───── Source records

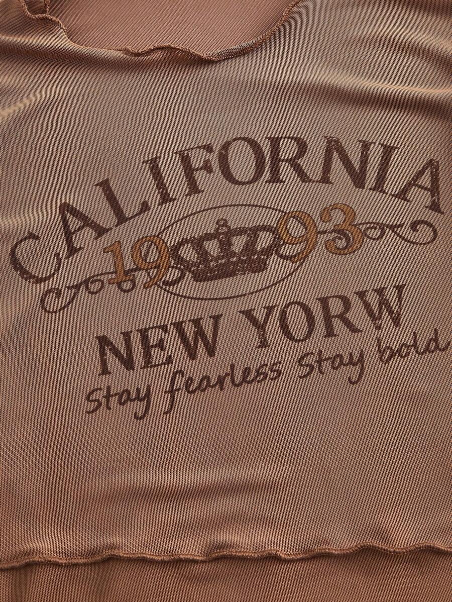 Grunge Punk Streetwear Outdoor Briefdruck Durchsichtige Mesh-oberteil
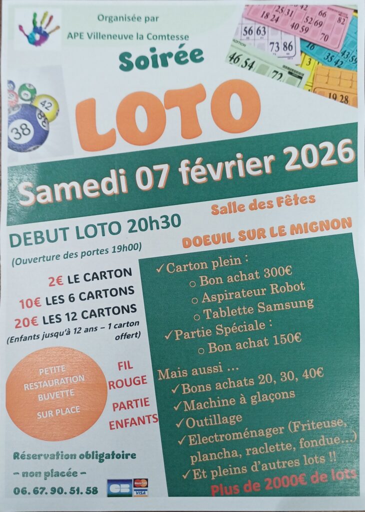 loto organisée par ape de villeneuve la comtesse le samedi 7 fevrier 2026 Facebook Twitter LinkedIn Email Imprimer
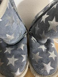Colore grigio / blu con stelline argentate. Con calda pelliccia all’interno. Modello tipo Ugg.
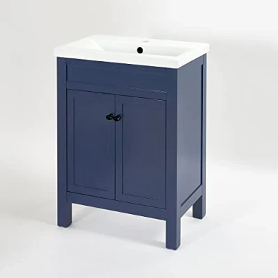 AmazonFSC engineered wood and ceramic construction Dimensions: 615mm x 400mm x 840mm Hard-wearing navy blue finish Includes vanity unit, basin and decorative handle You will need a mono basin tap, slotted or universal waste and flexible bottle trap Please note: Assembly is required before installation
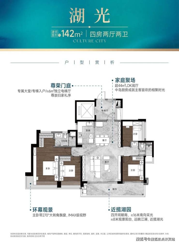 约142㎡户型开始其私密性就更高了,户内尺度更大之余,还拥有专梯入户和独属大堂配置,主卧升级至带270°大飘窗,仪式感真的向豪宅看齐。
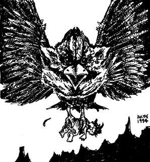 with the added advantage of flight. They swoop onto anyone unfortunate enough to be under their airspace and attack with sharp talons (1-12 damage each), and can pick up and drop any humanoid of no more than 1,000 gp weight (children, elves, dwarves, halflings, very lean humans, etc.). Damage inflicted by the drop depends on the surface below, but is typically 1-6 points per ten feet (save vs. Paralyzation for half damage). Anyone directly underneath trying to catch a falling body has a percentage equal to six times their dexterity, divided by ten for every ten-foot fall distance. So, a Thief with an 18 dexterity, trying to catch someone 100' above them, still only has an 8% chance of success. However, they will always make the sacrifice of bearing half the brunt of the damage if they do fail to catch cleanly. Unless the height is extreme, if the falling body is a child, no damage will be inflicted to the would-be catcher, and the child will only retain 1-4 damage ddue to innate sturdiness. Avian trolls with their "hands full" will be unable to defend themselves and will always let go of their payload when hit. If the Troll is perched, it is equally defenseless, so sneak attacks are always a good idea. This is a tricky thing to do, since its excellent hearing affords them the trait of only being surprised on a roll of 1. |
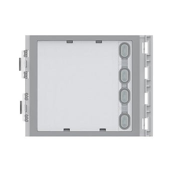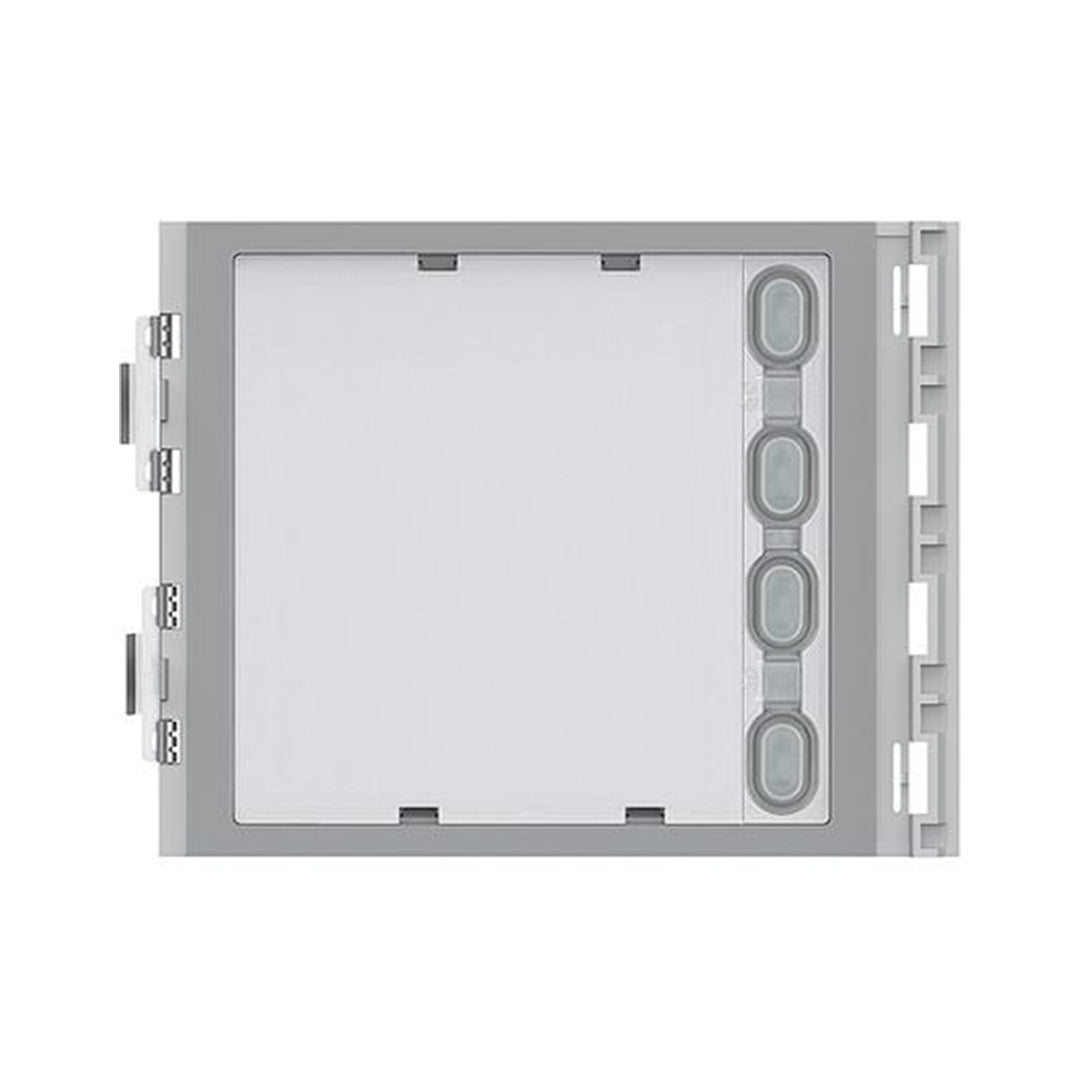 Sfera additional 4-pushbutton modules arranged on single column. To be used with speaker modules 351000 _ 351100 and audio/video modules 351200 - 351300. Connection by the multicable supplied. Backlighting of nameplates controlled by the speaker module or the audio/video module connected. To be completed with surround plate.
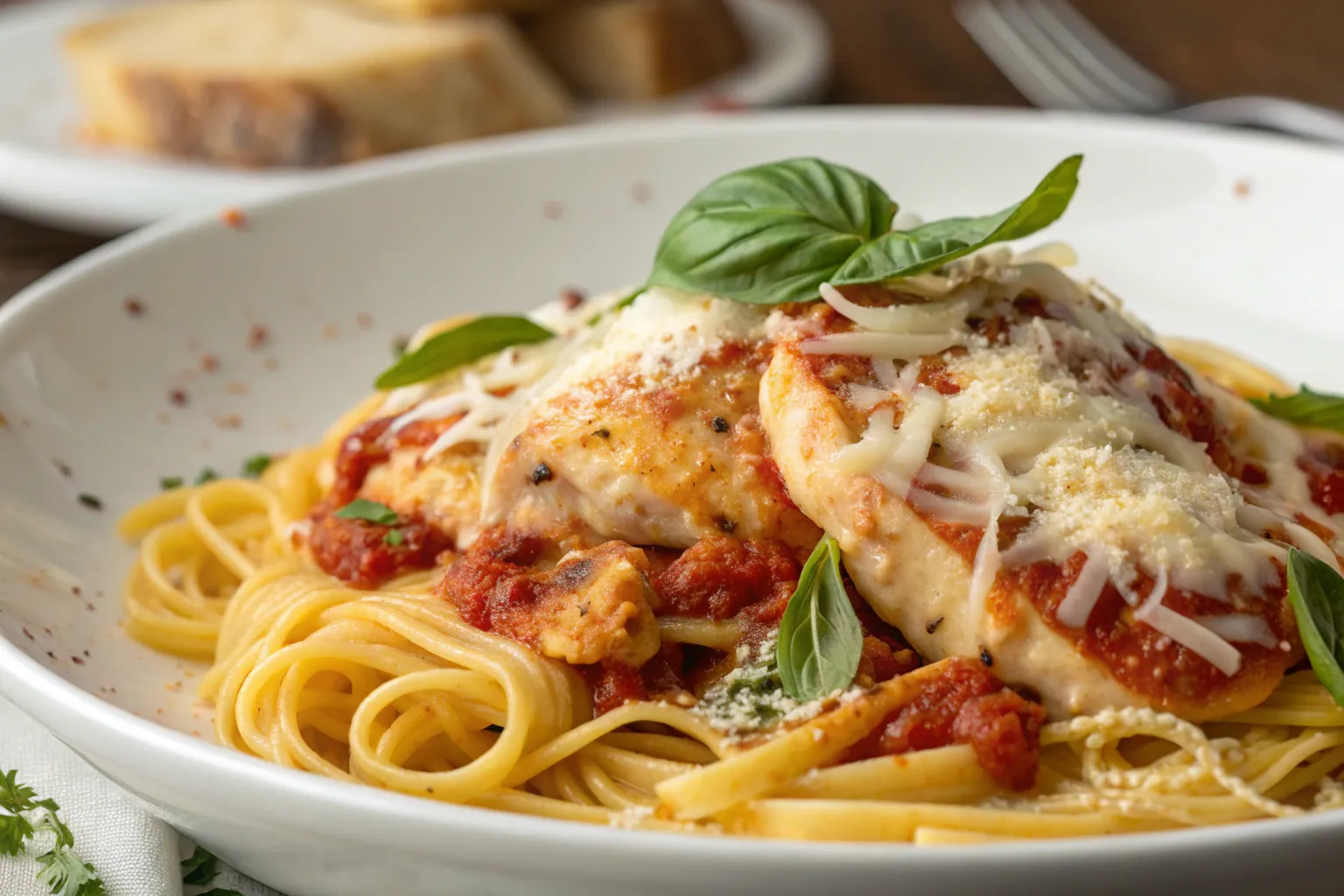 Keeping dinner simple is key, and this recipe uses pantry staples you probably already have on hand. From chicken and pasta to marinara and mozzarella, each ingredient is easy to find yet combines into a dish that tastes extraordinary.
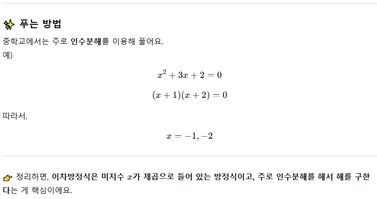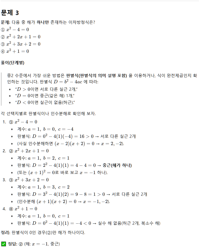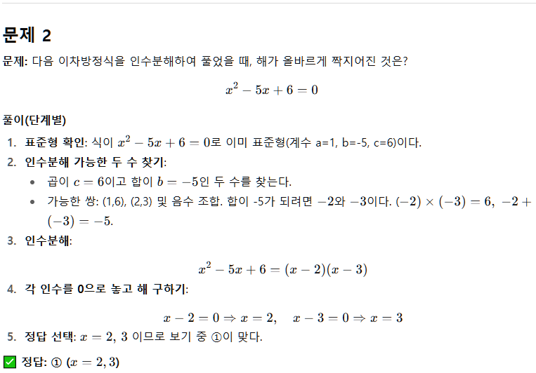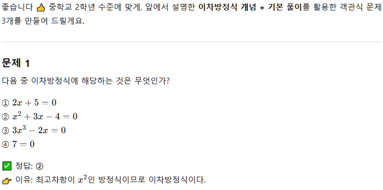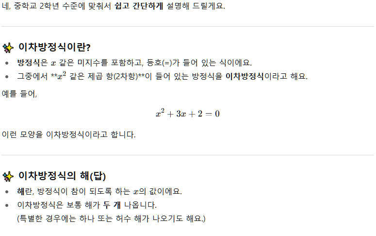 - 첫 번째 프롬프트: “중학교 2학년 수준에서 이차방정식 개념을 간단히 설명해줘.”
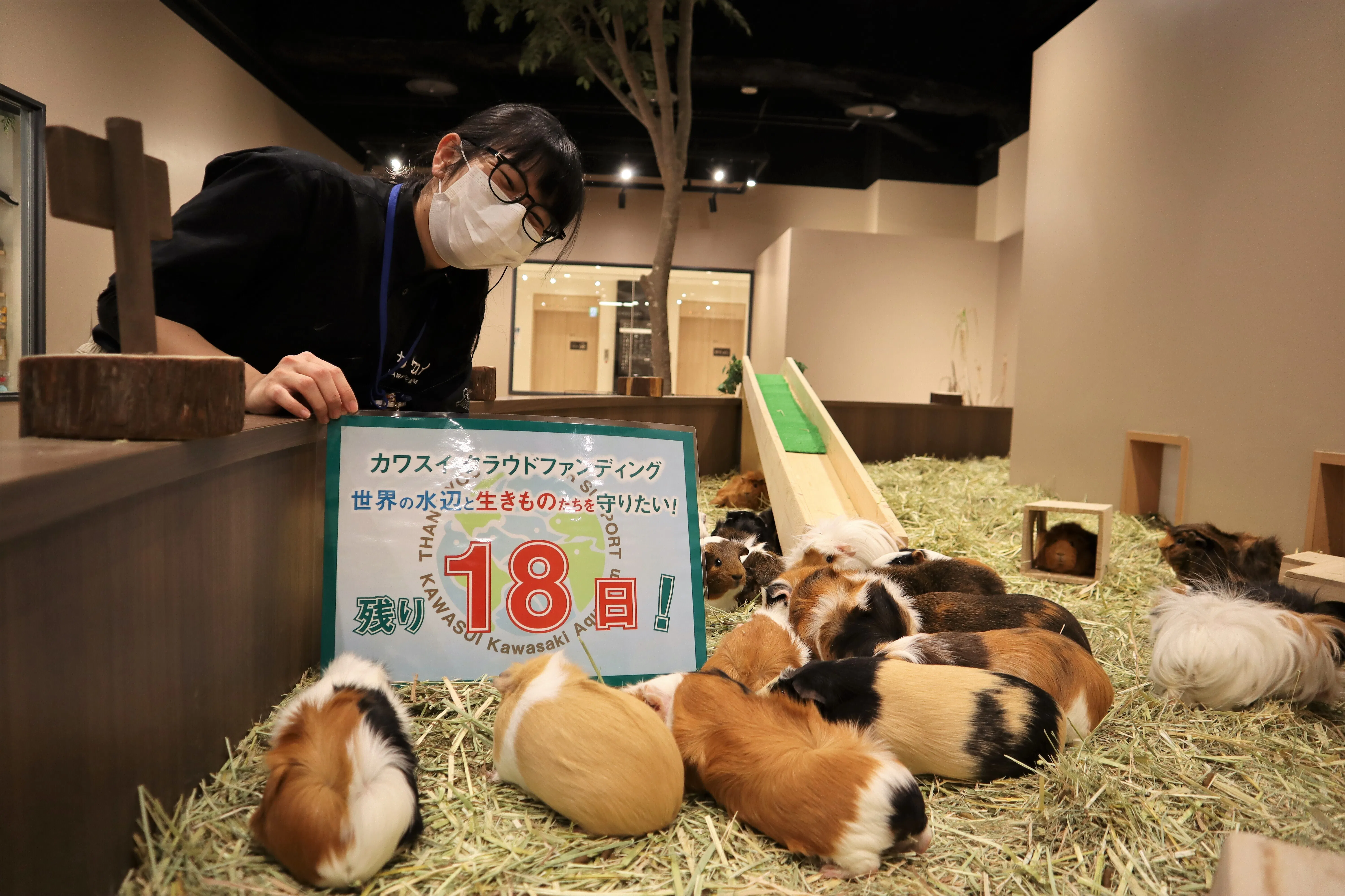 カワスイは水族館ではありますが、ネコとのふれあいが楽しめる「ソラネコカフェ」だけでなく、実はモルモットとのふれあいが楽しめる場所もあるんです。
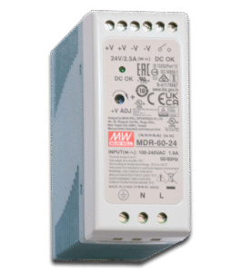 Das MDR-60-24 von Mean Well ist ein 60 W Netzteil zur Hutschienenmontage für industrielle Anwendungen. Es bietet Schutz vor Kurzschluss, Überlast, Überspannung und Überhitzung.
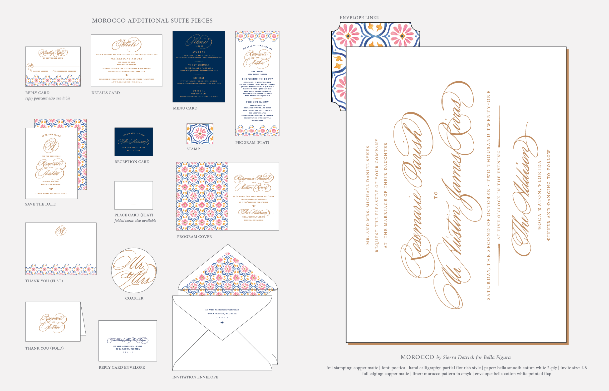 Retired Designs by Sierra Detrick for Bella Figurafoil stamping: copper matte | font: poetica | hand calligraphy: this style is no longer available | foil edging: copper matte | paper: bella smooth cotton white 2-ply | invite size: f-8 | liner: morocco pattern in cmyk | envelope: bella cotton white pointed flap
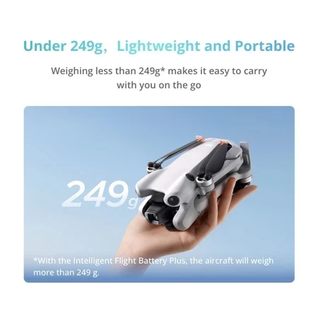 Sensor 1/1.3-inch CMOS 4K/60fps HDR True Vertical Shooting Omnidirectional Obstacle Sensing untuk pelacakan yang stabil 20km FHD Video Transmission Fitur ActiveTrack 360° Dilengkapi Advanced Pilot Assistance Systems (APAS) untuk keamanan tambahan Kelengkapan dalam dus : DJI Mini 4 Pro x1 DJI RC-N2 Remote Controller x1 Intelligent Flight Battery x1 Spare Propellers (Pair) x1 Screws x6 Screwdriver x1 DJI RC-N2 RC Cable (USB-C Connector) x1 DJI RC-N2 RC Cable (Lightning Connector) x1 Type-C to Type-C PD Cable x1 Gimbal Protector x1 Propeller Holder x1 Kamera Image Sensor 1/1.3-inch CMOS, Effective Pixels: 48 MP Lens FOV: 82.1° Format Equivalent: 24 mm Aperture: f/1.7 Focus: 1 m to ∞ ISO Video Normal and Slow Motion: 100-6400 (Normal) 100-1600 (D-Log M) 100-1600 (HLG) Night: 100-12800 (Normal) Photo 12 MP: 100-6400 48 MP: 100-3200 Aircraft Takeoff Weight < 249 g Standard aircraft weight (including the Intelligent Flight Battery, propellers, and a microSD card). Dimensions Folded (without propellers): 148×94×64 mm (L×W×H) Unfolded (with propellers): 298×373×101 mm (L×W×H) Max Ascent Speed 5 m/s (S Mode) 5 m/s (N Mode) 3 m/s (C Mode) Max Descent Speed 5 m/s (S Mode) 5 m/s (N Mode) 3 m/s (C Mode) Gimbal Stabilization 3-axis mechanical gimbal (tilt, roll, pan) Mechanical Range Tilt: -135° to 80° Roll: -135° to 45° Pan: -30° to 30° Remote Kontrol Max Operating Time Without charging any mobile device: 6 hours When charging a mobile device: 3.5 hours Max Supported Mobile Device Size 180×86×10 mm (L×W×H) Charging Time 2.5 hours Charging Type It is recommended to use a 5V/2A charger. Baterai Compatible Battery DJI Mini 4 Pro Intelligent Flight Battery, DJI Mini 3 Series Intelligent Flight Battery Plus Capacity Intelligent Flight Battery: 2590 mAh Intelligent Flight Battery Plus: 3850 mAh Recommended Charger DJI 30W USB-C Charger or other USB Power Delivery chargers (30 W)
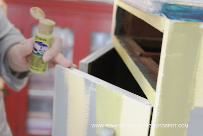 The table now has a similar effect of those expensive salvage wood pieced together tables and chests. I love how all the colors subtly show through underneath. I finished the project with a protective coating of Deco Art Acrylic Sealer. It left the table feeling as smooth as satin.

──────────

Task brief
Copy each line above exactly, with no images.

Response to the exercise
 Grunge Punk Streetwear Outdoor Briefdruck Durchsichtige Mesh-oberteil
 loto organisée par ape de villeneuve la comtesse le samedi 7 fevrier 2026 Facebook Twitter LinkedIn Email Imprimer
Colore grigio / blu con stelline argentate. Con calda pelliccia all’interno. Modello tipo Ugg.
 AmazonFSC engineered wood and ceramic construction Dimensions: 615mm x 400mm x 840mm Hard-wearing navy blue finish Includes vanity unit, basin and decorative handle You will need a mono basin tap, slotted or universal waste and flexible bottle trap Please note: Assembly is required before installation
 约142㎡户型开始其私密性就更高了,户内尺度更大之余,还拥有专梯入户和独属大堂配置,主卧升级至带270°大飘窗,仪式感真的向豪宅看齐。
 with the added advantage of flight. They swoop onto anyone unfortunate enough to be under their airspace and attack with sharp talons (1-12 damage each), and can pick up and drop any humanoid of no more than 1,000 gp weight (children, elves, dwarves, halflings, very lean humans, etc.). Damage inflicted by the drop depends on the surface below, but is typically 1-6 points per ten feet (save vs. Paralyzation for half damage). Anyone directly underneath trying to catch a falling body has a percentage equal to six times their dexterity, divided by ten for every ten-foot fall distance. So, a Thief with an 18 dexterity, trying to catch someone 100' above them, still only has an 8% chance of success. However, they will always make the sacrifice of bearing half the brunt of the damage if they do fail to catch cleanly. Unless the height is extreme, if the falling body is a child, no damage will be inflicted to the would-be catcher, and the child will only retain 1-4 damage ddue to innate sturdiness. Avian trolls with their "hands full" will be unable to defend themselves and will always let go of their payload when hit. If the Troll is perched, it is equally defenseless, so sneak attacks are always a good idea. This is a tricky thing to do, since its excellent hearing affords them the trait of only being surprised on a roll of 1. |
 Sfera additional 4-pushbutton modules arranged on single column. To be used with speaker modules 351000 _ 351100 and audio/video modules 351200 - 351300. Connection by the multicable supplied. Backlighting of nameplates controlled by the speaker module or the audio/video module connected. To be completed with surround plate.
 Keeping dinner simple is key, and this recipe uses pantry staples you probably already have on hand. From chicken and pasta to marinara and mozzarella, each ingredient is easy to find yet combines into a dish that tastes extraordinary.
 - 첫 번째 프롬프트: “중학교 2학년 수준에서 이차방정식 개념을 간단히 설명해줘.”
 カワスイは水族館ではありますが、ネコとのふれあいが楽しめる「ソラネコカフェ」だけでなく、実はモルモットとのふれあいが楽しめる場所もあるんです。
 Das MDR-60-24 von Mean Well ist ein 60 W Netzteil zur Hutschienenmontage für industrielle Anwendungen. Es bietet Schutz vor Kurzschluss, Überlast, Überspannung und Überhitzung.
 Retired Designs by Sierra Detrick for Bella Figurafoil stamping: copper matte | font: poetica | hand calligraphy: this style is no longer available | foil edging: copper matte | paper: bella smooth cotton white 2-ply | invite size: f-8 | liner: morocco pattern in cmyk | envelope: bella cotton white pointed flap
 Sensor 1/1.3-inch CMOS 4K/60fps HDR True Vertical Shooting Omnidirectional Obstacle Sensing untuk pelacakan yang stabil 20km FHD Video Transmission Fitur ActiveTrack 360° Dilengkapi Advanced Pilot Assistance Systems (APAS) untuk keamanan tambahan Kelengkapan dalam dus : DJI Mini 4 Pro x1 DJI RC-N2 Remote Controller x1 Intelligent Flight Battery x1 Spare Propellers (Pair) x1 Screws x6 Screwdriver x1 DJI RC-N2 RC Cable (USB-C Connector) x1 DJI RC-N2 RC Cable (Lightning Connector) x1 Type-C to Type-C PD Cable x1 Gimbal Protector x1 Propeller Holder x1 Kamera Image Sensor 1/1.3-inch CMOS, Effective Pixels: 48 MP Lens FOV: 82.1° Format Equivalent: 24 mm Aperture: f/1.7 Focus: 1 m to ∞ ISO Video Normal and Slow Motion: 100-6400 (Normal) 100-1600 (D-Log M) 100-1600 (HLG) Night: 100-12800 (Normal) Photo 12 MP: 100-6400 48 MP: 100-3200 Aircraft Takeoff Weight < 249 g Standard aircraft weight (including the Intelligent Flight Battery, propellers, and a microSD card). Dimensions Folded (without propellers): 148×94×64 mm (L×W×H) Unfolded (with propellers): 298×373×101 mm (L×W×H) Max Ascent Speed 5 m/s (S Mode) 5 m/s (N Mode) 3 m/s (C Mode) Max Descent Speed 5 m/s (S Mode) 5 m/s (N Mode) 3 m/s (C Mode) Gimbal Stabilization 3-axis mechanical gimbal (tilt, roll, pan) Mechanical Range Tilt: -135° to 80° Roll: -135° to 45° Pan: -30° to 30° Remote Kontrol Max Operating Time Without charging any mobile device: 6 hours When charging a mobile device: 3.5 hours Max Supported Mobile Device Size 180×86×10 mm (L×W×H) Charging Time 2.5 hours Charging Type It is recommended to use a 5V/2A charger. Baterai Compatible Battery DJI Mini 4 Pro Intelligent Flight Battery, DJI Mini 3 Series Intelligent Flight Battery Plus Capacity Intelligent Flight Battery: 2590 mAh Intelligent Flight Battery Plus: 3850 mAh Recommended Charger DJI 30W USB-C Charger or other USB Power Delivery chargers (30 W)
 The table now has a similar effect of those expensive salvage wood pieced together tables and chests. I love how all the colors subtly show through underneath. I finished the project with a protective coating of Deco Art Acrylic Sealer. It left the table feeling as smooth as satin.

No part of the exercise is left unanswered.